ACTIVITY
Word for word, restate all the records; images are not part of the copy.
---------- AVAILABLE DATA
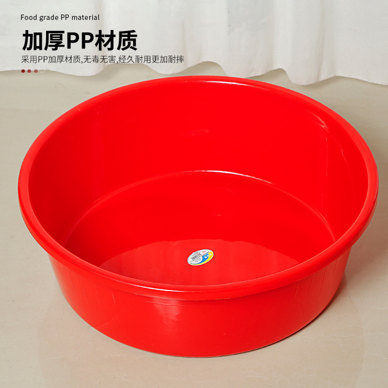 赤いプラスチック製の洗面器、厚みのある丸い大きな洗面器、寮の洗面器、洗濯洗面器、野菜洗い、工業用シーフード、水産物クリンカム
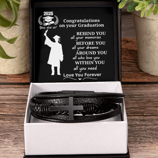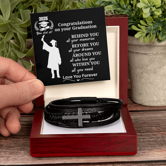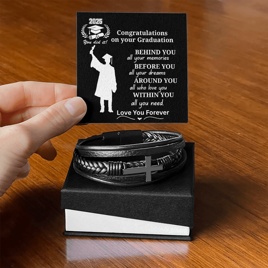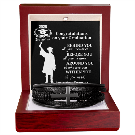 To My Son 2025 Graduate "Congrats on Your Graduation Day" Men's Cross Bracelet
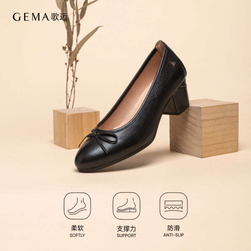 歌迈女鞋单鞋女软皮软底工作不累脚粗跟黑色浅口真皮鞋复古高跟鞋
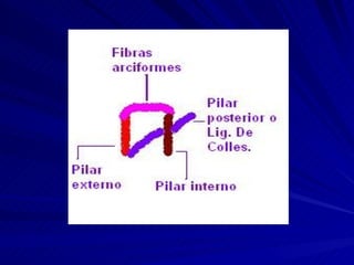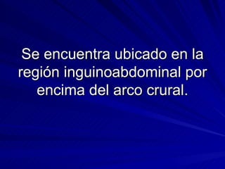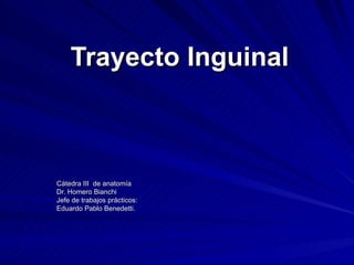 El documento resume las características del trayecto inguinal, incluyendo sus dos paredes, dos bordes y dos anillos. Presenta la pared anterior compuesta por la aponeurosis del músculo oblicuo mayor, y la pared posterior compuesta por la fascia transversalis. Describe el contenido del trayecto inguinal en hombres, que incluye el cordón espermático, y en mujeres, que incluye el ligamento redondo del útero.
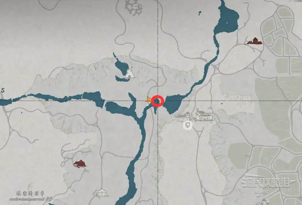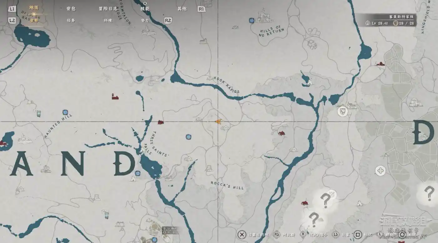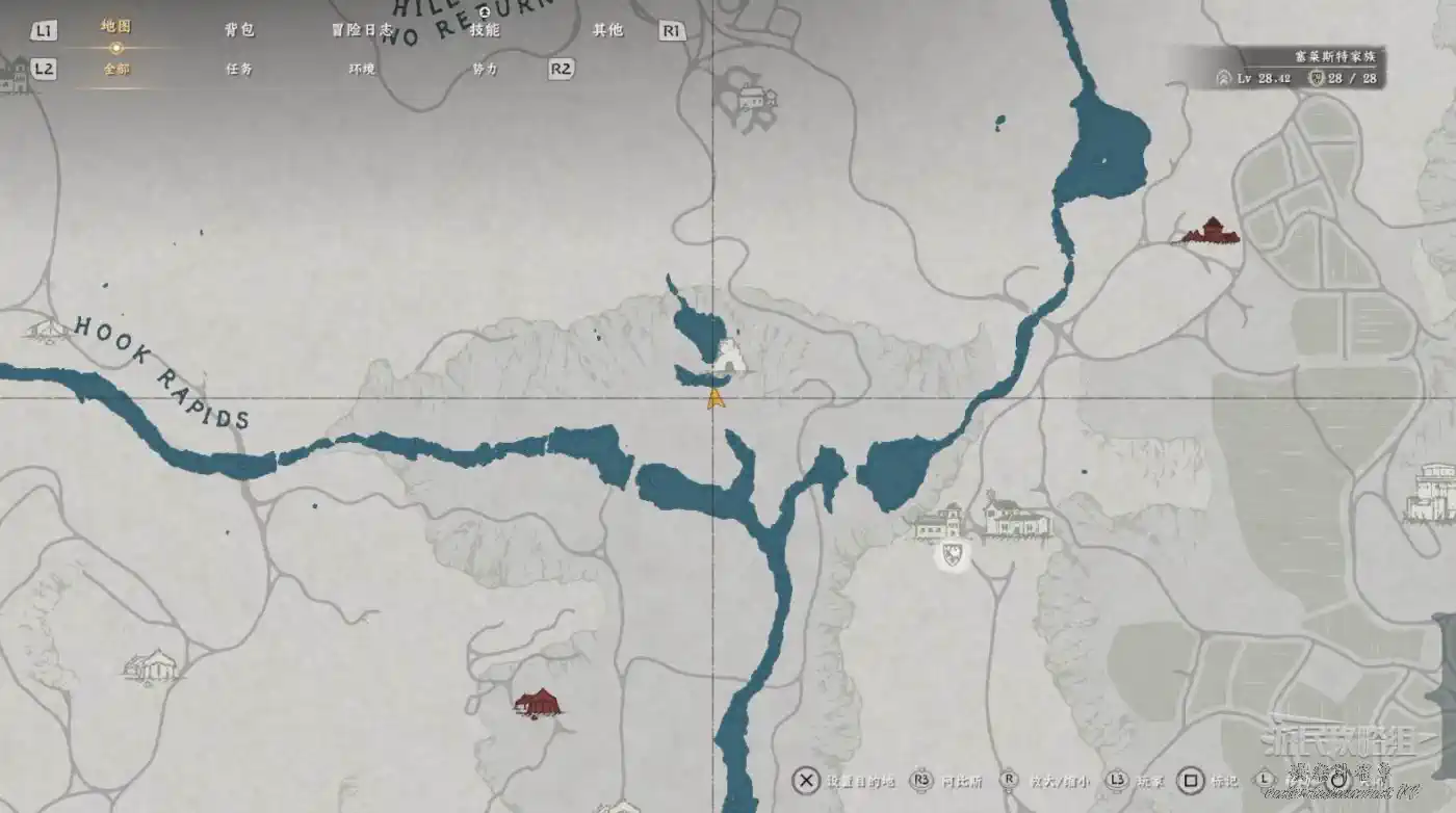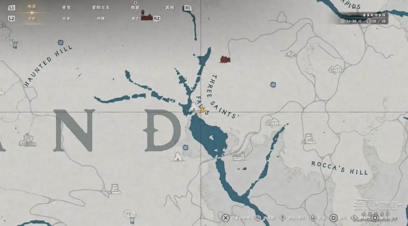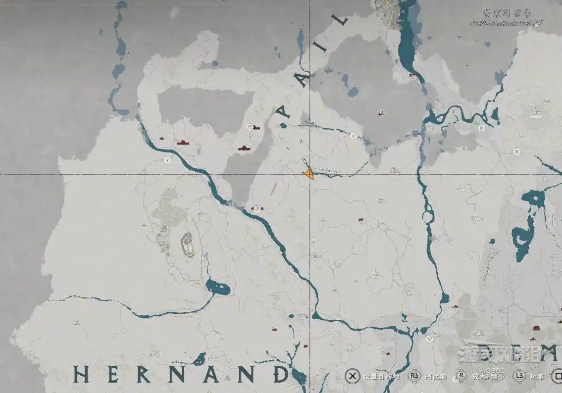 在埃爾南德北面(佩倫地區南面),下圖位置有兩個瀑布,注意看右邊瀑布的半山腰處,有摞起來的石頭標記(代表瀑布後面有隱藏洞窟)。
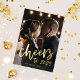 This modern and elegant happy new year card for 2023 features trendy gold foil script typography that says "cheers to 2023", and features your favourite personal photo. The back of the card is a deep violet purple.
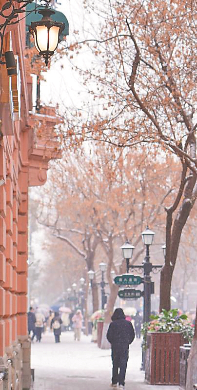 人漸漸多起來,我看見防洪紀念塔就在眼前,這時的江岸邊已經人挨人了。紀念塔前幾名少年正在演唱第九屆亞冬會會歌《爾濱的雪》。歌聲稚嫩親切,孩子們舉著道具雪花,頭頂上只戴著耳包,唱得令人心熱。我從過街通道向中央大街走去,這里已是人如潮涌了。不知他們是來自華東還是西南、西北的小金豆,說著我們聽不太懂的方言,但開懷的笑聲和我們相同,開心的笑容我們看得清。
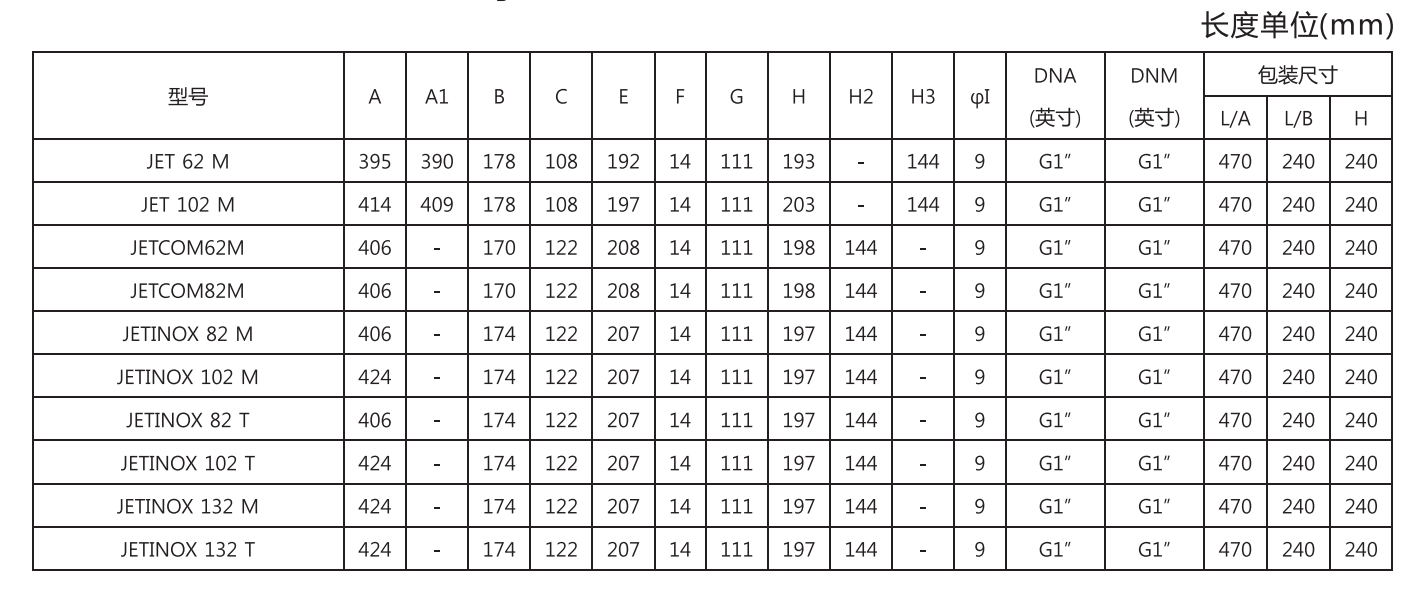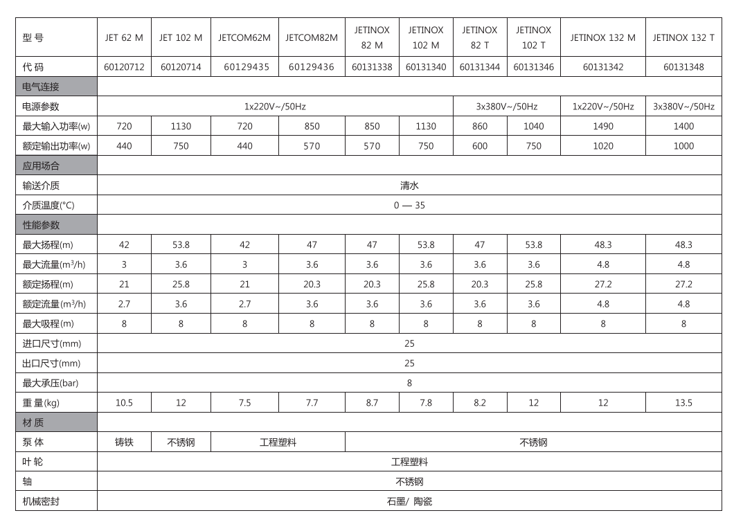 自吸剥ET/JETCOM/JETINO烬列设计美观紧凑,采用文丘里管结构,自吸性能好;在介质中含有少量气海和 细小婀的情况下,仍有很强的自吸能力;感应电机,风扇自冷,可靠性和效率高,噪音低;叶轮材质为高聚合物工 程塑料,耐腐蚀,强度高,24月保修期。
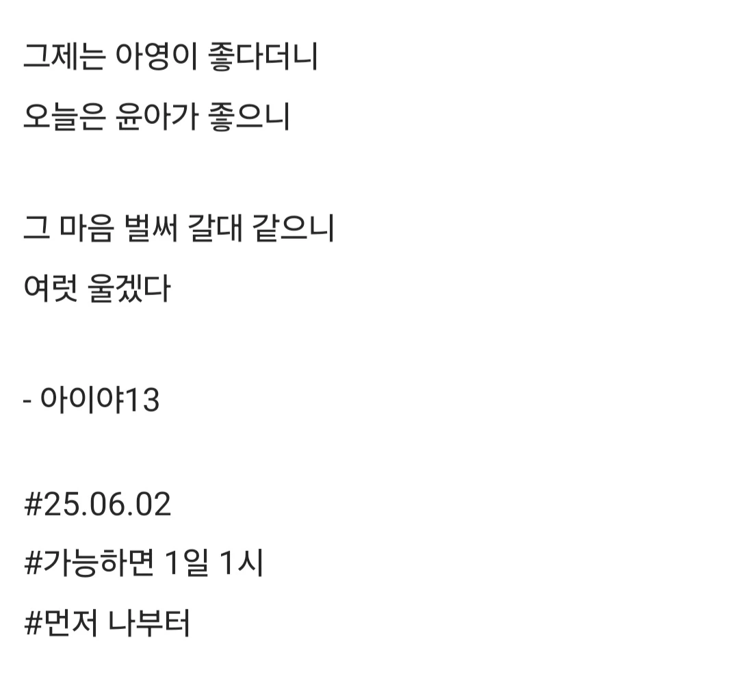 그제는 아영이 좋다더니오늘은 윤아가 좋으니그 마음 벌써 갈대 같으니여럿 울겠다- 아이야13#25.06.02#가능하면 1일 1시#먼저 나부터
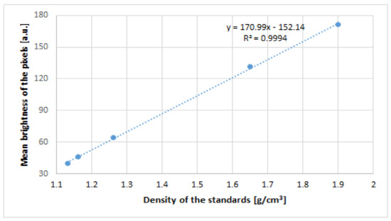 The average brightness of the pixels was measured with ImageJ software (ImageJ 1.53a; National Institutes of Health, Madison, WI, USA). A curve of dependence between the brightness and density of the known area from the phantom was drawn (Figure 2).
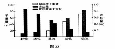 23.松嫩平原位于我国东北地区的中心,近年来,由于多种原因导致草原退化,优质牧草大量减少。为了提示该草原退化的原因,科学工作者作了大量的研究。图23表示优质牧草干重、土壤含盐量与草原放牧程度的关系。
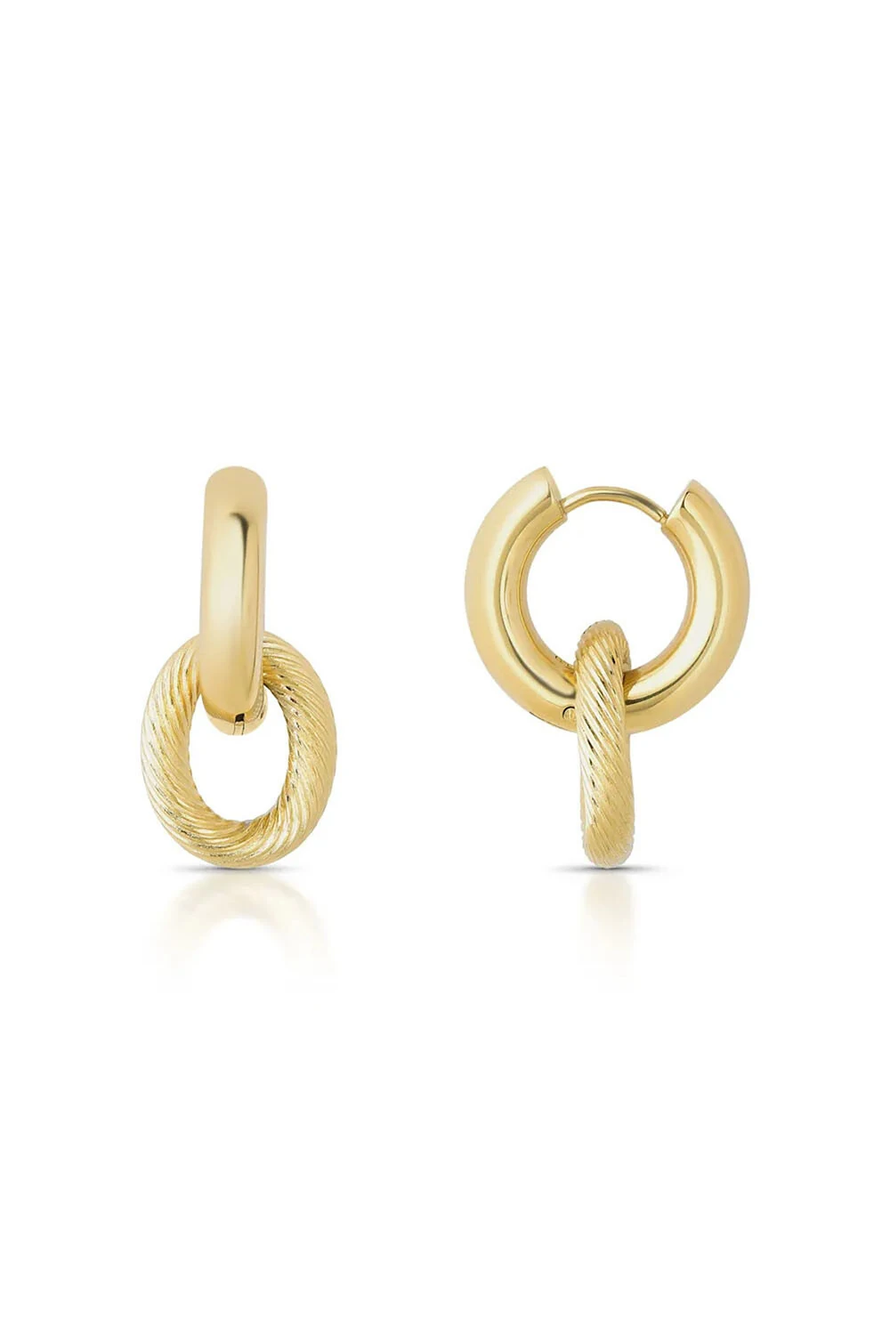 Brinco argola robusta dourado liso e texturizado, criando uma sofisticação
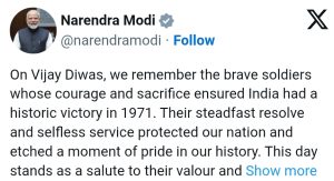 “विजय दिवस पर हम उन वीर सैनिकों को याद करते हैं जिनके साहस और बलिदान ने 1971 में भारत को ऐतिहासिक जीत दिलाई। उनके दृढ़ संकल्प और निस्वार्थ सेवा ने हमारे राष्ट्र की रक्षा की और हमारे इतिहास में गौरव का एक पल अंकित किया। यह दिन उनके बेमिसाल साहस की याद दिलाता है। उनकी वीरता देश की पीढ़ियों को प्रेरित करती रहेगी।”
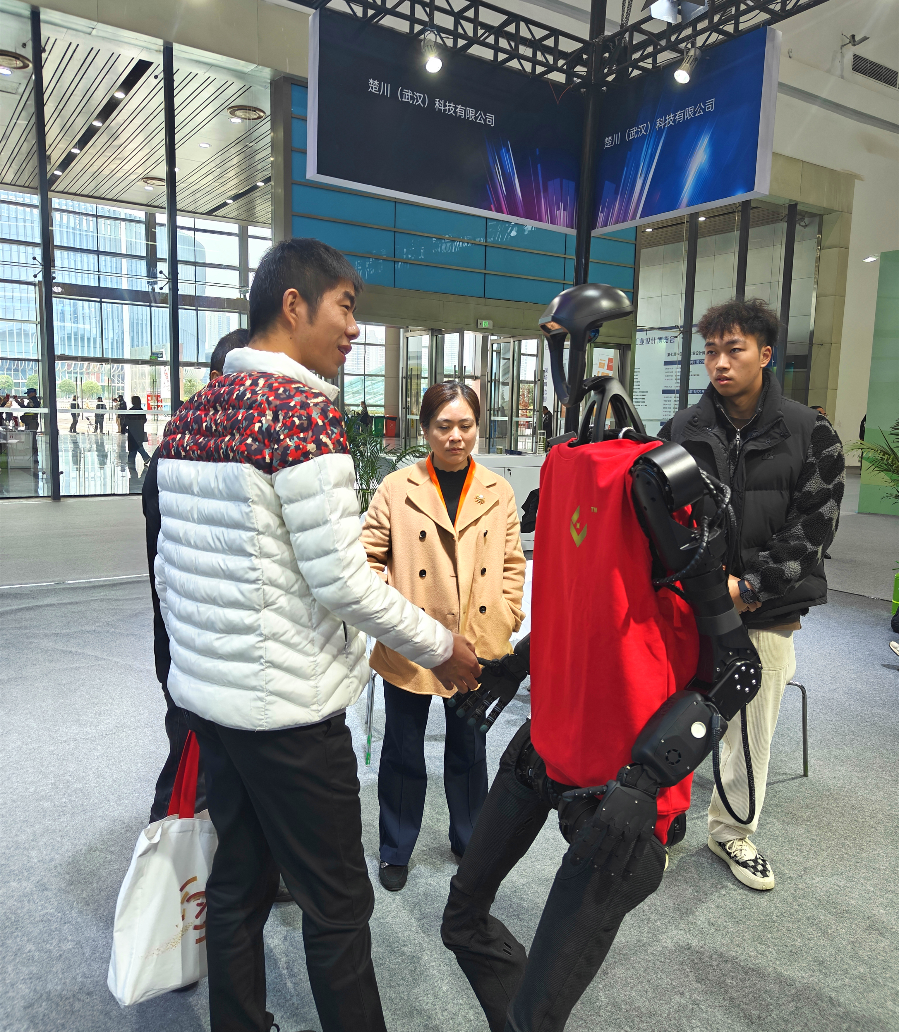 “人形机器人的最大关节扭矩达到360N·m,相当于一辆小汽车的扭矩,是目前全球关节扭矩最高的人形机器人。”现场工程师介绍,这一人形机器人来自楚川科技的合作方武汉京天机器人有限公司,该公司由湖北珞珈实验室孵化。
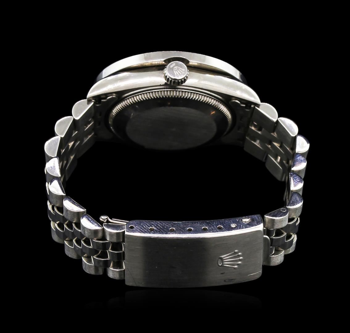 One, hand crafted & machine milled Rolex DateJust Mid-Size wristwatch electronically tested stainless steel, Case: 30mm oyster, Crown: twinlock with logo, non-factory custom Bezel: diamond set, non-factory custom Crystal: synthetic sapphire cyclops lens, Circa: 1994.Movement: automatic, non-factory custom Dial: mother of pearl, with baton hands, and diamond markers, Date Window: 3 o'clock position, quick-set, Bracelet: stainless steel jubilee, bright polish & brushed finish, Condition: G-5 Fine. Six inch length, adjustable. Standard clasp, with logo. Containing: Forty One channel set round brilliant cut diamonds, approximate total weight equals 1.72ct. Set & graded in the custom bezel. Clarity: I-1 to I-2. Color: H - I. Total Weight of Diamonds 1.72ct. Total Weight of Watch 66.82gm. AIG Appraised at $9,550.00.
--------------------
EXPECTED ANSWER
 赤いプラスチック製の洗面器、厚みのある丸い大きな洗面器、寮の洗面器、洗濯洗面器、野菜洗い、工業用シーフード、水産物クリンカム
 To My Son 2025 Graduate "Congrats on Your Graduation Day" Men's Cross Bracelet
 歌迈女鞋单鞋女软皮软底工作不累脚粗跟黑色浅口真皮鞋复古高跟鞋
 El documento resume las características del trayecto inguinal, incluyendo sus dos paredes, dos bordes y dos anillos. Presenta la pared anterior compuesta por la aponeurosis del músculo oblicuo mayor, y la pared posterior compuesta por la fascia transversalis. Describe el contenido del trayecto inguinal en hombres, que incluye el cordón espermático, y en mujeres, que incluye el ligamento redondo del útero.
 在埃爾南德北面(佩倫地區南面),下圖位置有兩個瀑布,注意看右邊瀑布的半山腰處,有摞起來的石頭標記(代表瀑布後面有隱藏洞窟)。
 This modern and elegant happy new year card for 2023 features trendy gold foil script typography that says "cheers to 2023", and features your favourite personal photo. The back of the card is a deep violet purple.
 人漸漸多起來,我看見防洪紀念塔就在眼前,這時的江岸邊已經人挨人了。紀念塔前幾名少年正在演唱第九屆亞冬會會歌《爾濱的雪》。歌聲稚嫩親切,孩子們舉著道具雪花,頭頂上只戴著耳包,唱得令人心熱。我從過街通道向中央大街走去,這里已是人如潮涌了。不知他們是來自華東還是西南、西北的小金豆,說著我們聽不太懂的方言,但開懷的笑聲和我們相同,開心的笑容我們看得清。
 自吸剥ET/JETCOM/JETINO烬列设计美观紧凑,采用文丘里管结构,自吸性能好;在介质中含有少量气海和 细小婀的情况下,仍有很强的自吸能力;感应电机,风扇自冷,可靠性和效率高,噪音低;叶轮材质为高聚合物工 程塑料,耐腐蚀,强度高,24月保修期。
 그제는 아영이 좋다더니오늘은 윤아가 좋으니그 마음 벌써 갈대 같으니여럿 울겠다- 아이야13#25.06.02#가능하면 1일 1시#먼저 나부터
 The average brightness of the pixels was measured with ImageJ software (ImageJ 1.53a; National Institutes of Health, Madison, WI, USA). A curve of dependence between the brightness and density of the known area from the phantom was drawn (Figure 2).
 23.松嫩平原位于我国东北地区的中心,近年来,由于多种原因导致草原退化,优质牧草大量减少。为了提示该草原退化的原因,科学工作者作了大量的研究。图23表示优质牧草干重、土壤含盐量与草原放牧程度的关系。
 Brinco argola robusta dourado liso e texturizado, criando uma sofisticação
 “विजय दिवस पर हम उन वीर सैनिकों को याद करते हैं जिनके साहस और बलिदान ने 1971 में भारत को ऐतिहासिक जीत दिलाई। उनके दृढ़ संकल्प और निस्वार्थ सेवा ने हमारे राष्ट्र की रक्षा की और हमारे इतिहास में गौरव का एक पल अंकित किया। यह दिन उनके बेमिसाल साहस की याद दिलाता है। उनकी वीरता देश की पीढ़ियों को प्रेरित करती रहेगी।”
 “人形机器人的最大关节扭矩达到360N·m,相当于一辆小汽车的扭矩,是目前全球关节扭矩最高的人形机器人。”现场工程师介绍,这一人形机器人来自楚川科技的合作方武汉京天机器人有限公司,该公司由湖北珞珈实验室孵化。
 One, hand crafted & machine milled Rolex DateJust Mid-Size wristwatch electronically tested stainless steel, Case: 30mm oyster, Crown: twinlock with logo, non-factory custom Bezel: diamond set, non-factory custom Crystal: synthetic sapphire cyclops lens, Circa: 1994.Movement: automatic, non-factory custom Dial: mother of pearl, with baton hands, and diamond markers, Date Window: 3 o'clock position, quick-set, Bracelet: stainless steel jubilee, bright polish & brushed finish, Condition: G-5 Fine. Six inch length, adjustable. Standard clasp, with logo. Containing: Forty One channel set round brilliant cut diamonds, approximate total weight equals 1.72ct. Set & graded in the custom bezel. Clarity: I-1 to I-2. Color: H - I. Total Weight of Diamonds 1.72ct. Total Weight of Watch 66.82gm. AIG Appraised at $9,550.00.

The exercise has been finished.